Please output, exactly and without pictures, the lines from the opening of the listing below through the line containing "Mod Manager: Enhanced", both included.

---

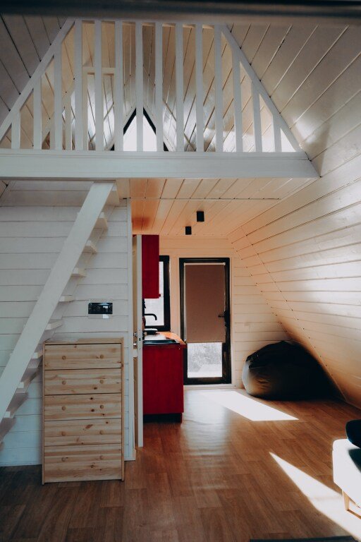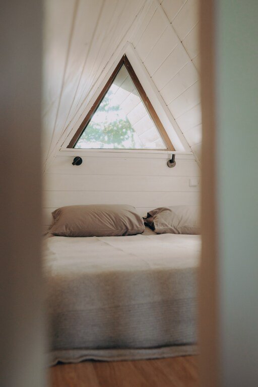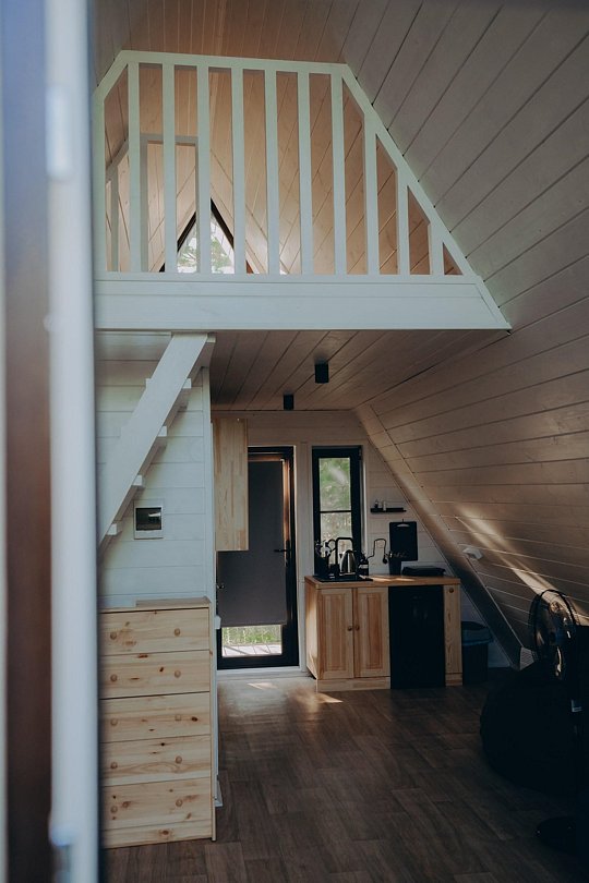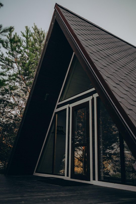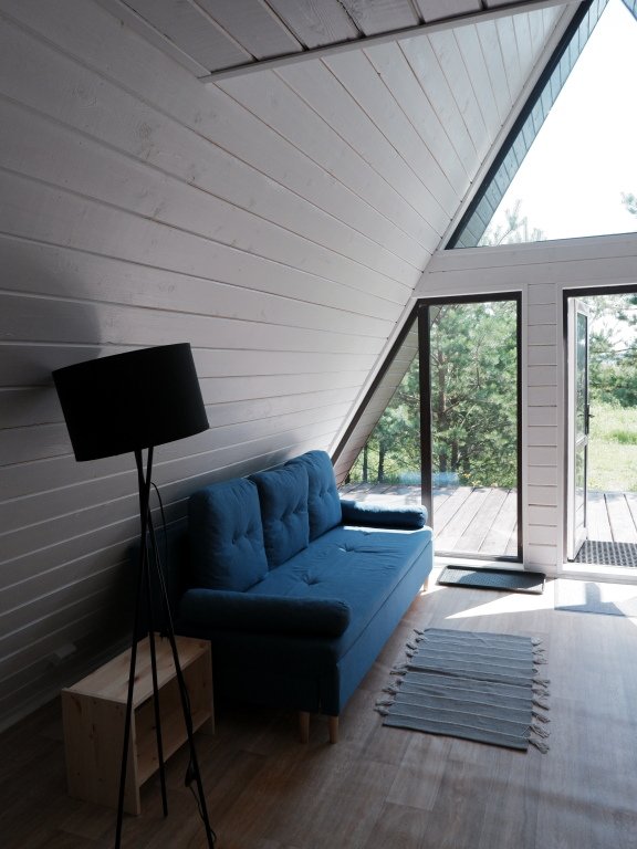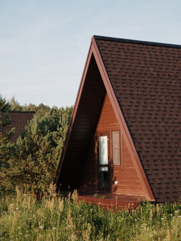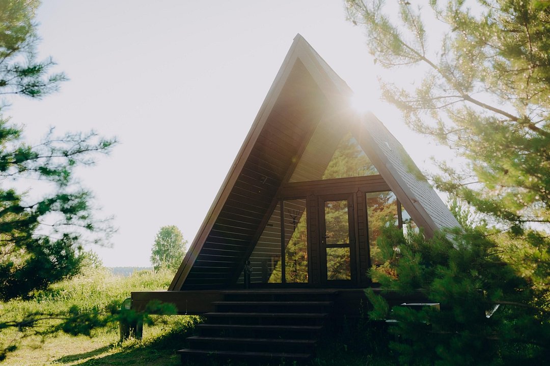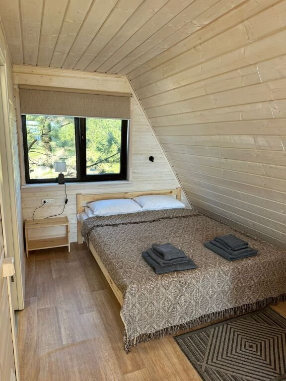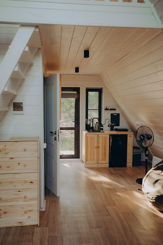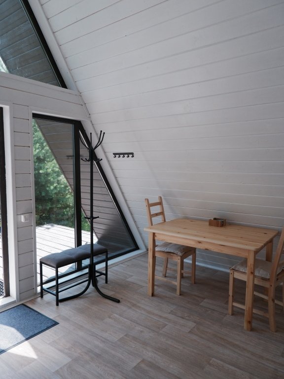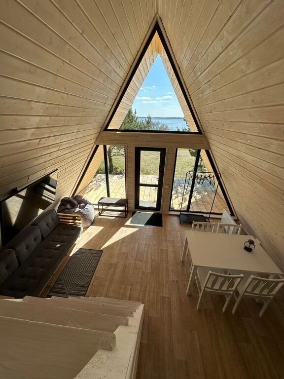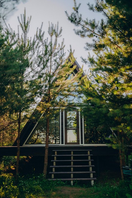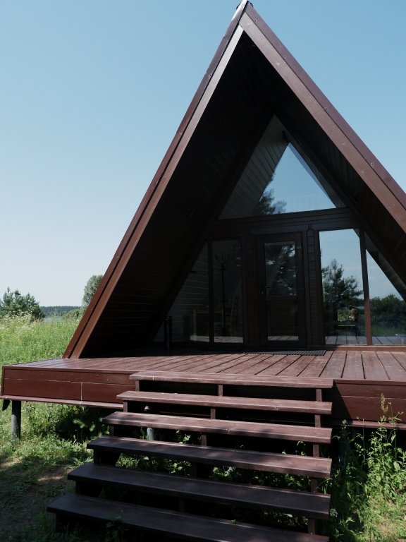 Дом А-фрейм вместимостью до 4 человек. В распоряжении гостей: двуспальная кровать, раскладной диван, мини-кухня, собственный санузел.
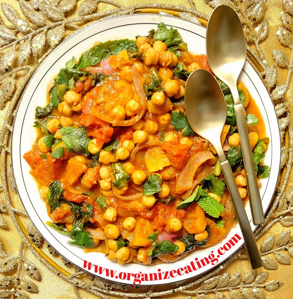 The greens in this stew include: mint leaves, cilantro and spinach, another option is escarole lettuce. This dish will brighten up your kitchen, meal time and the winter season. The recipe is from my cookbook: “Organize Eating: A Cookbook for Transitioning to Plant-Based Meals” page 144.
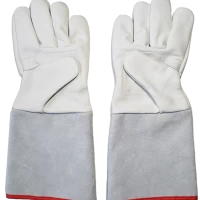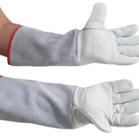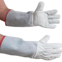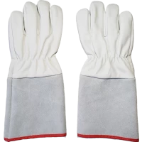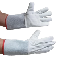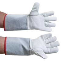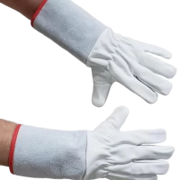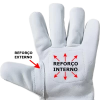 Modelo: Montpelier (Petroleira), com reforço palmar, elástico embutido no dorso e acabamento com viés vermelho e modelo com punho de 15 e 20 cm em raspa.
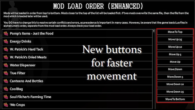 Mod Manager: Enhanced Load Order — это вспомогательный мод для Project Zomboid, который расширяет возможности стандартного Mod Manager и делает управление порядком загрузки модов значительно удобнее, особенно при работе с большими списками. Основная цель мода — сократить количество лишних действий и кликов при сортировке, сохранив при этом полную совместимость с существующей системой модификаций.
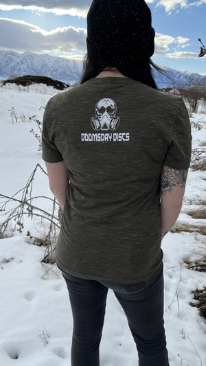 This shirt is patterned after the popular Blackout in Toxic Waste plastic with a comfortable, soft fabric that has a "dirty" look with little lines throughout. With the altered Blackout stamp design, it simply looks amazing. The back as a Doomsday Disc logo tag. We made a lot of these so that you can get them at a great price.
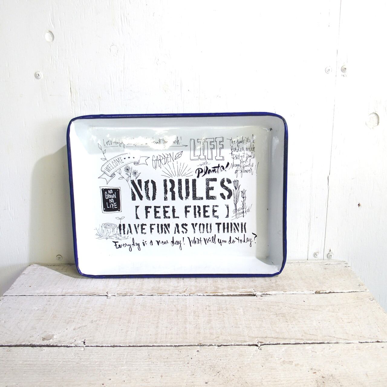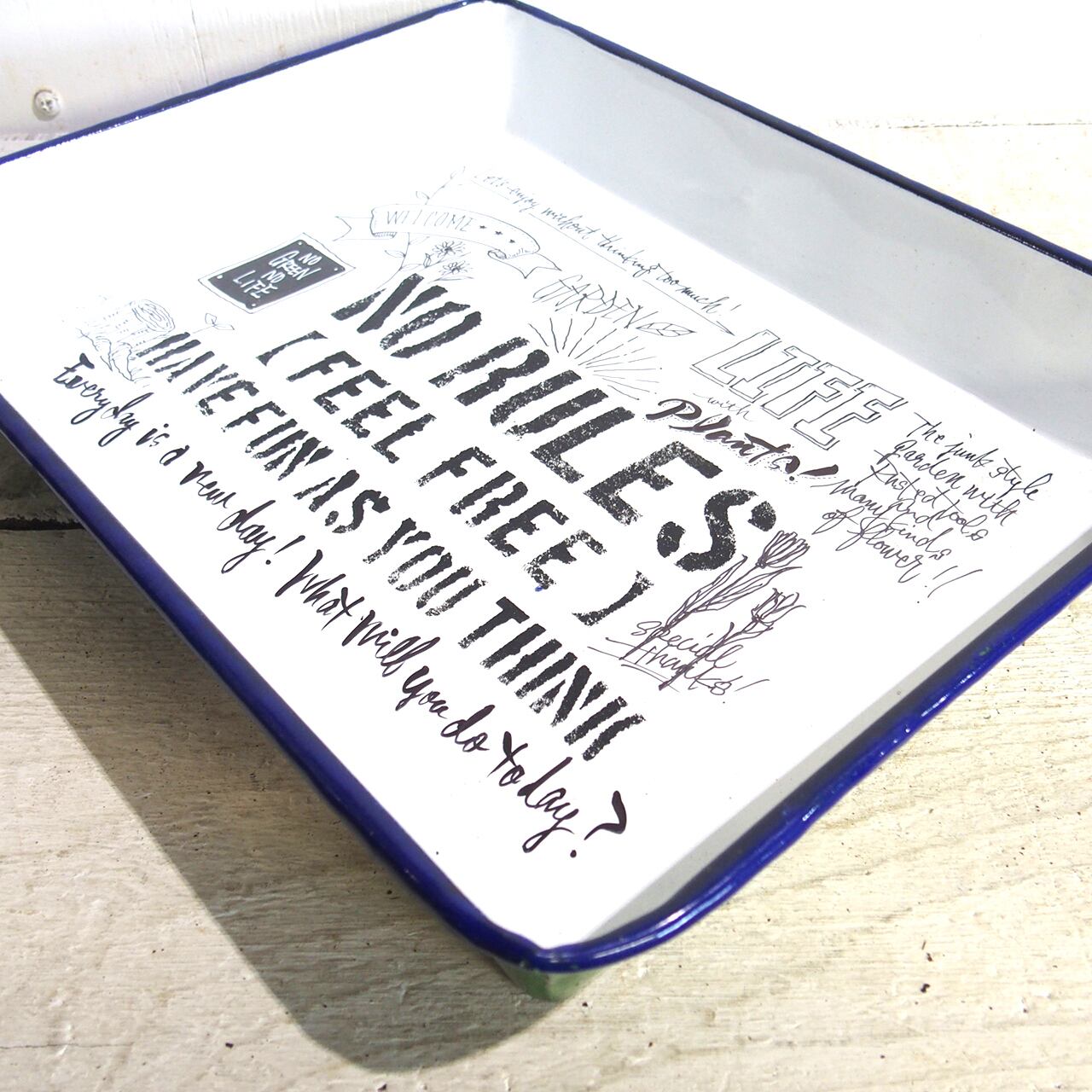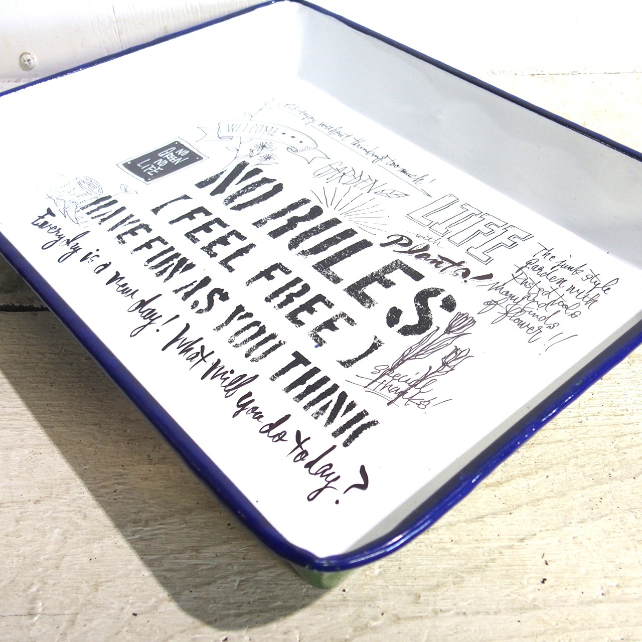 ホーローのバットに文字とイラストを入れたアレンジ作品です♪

---

* YOUR RESPONSE:
 Дом А-фрейм вместимостью до 4 человек. В распоряжении гостей: двуспальная кровать, раскладной диван, мини-кухня, собственный санузел.
 The greens in this stew include: mint leaves, cilantro and spinach, another option is escarole lettuce. This dish will brighten up your kitchen, meal time and the winter season. The recipe is from my cookbook: “Organize Eating: A Cookbook for Transitioning to Plant-Based Meals” page 144.
 Modelo: Montpelier (Petroleira), com reforço palmar, elástico embutido no dorso e acabamento com viés vermelho e modelo com punho de 15 e 20 cm em raspa.
 Mod Manager: Enhanced Load Order — это вспомогательный мод для Project Zomboid, который расширяет возможности стандартного Mod Manager и делает управление порядком загрузки модов значительно удобнее, особенно при работе с большими списками. Основная цель мода — сократить количество лишних действий и кликов при сортировке, сохранив при этом полную совместимость с существующей системой модификаций.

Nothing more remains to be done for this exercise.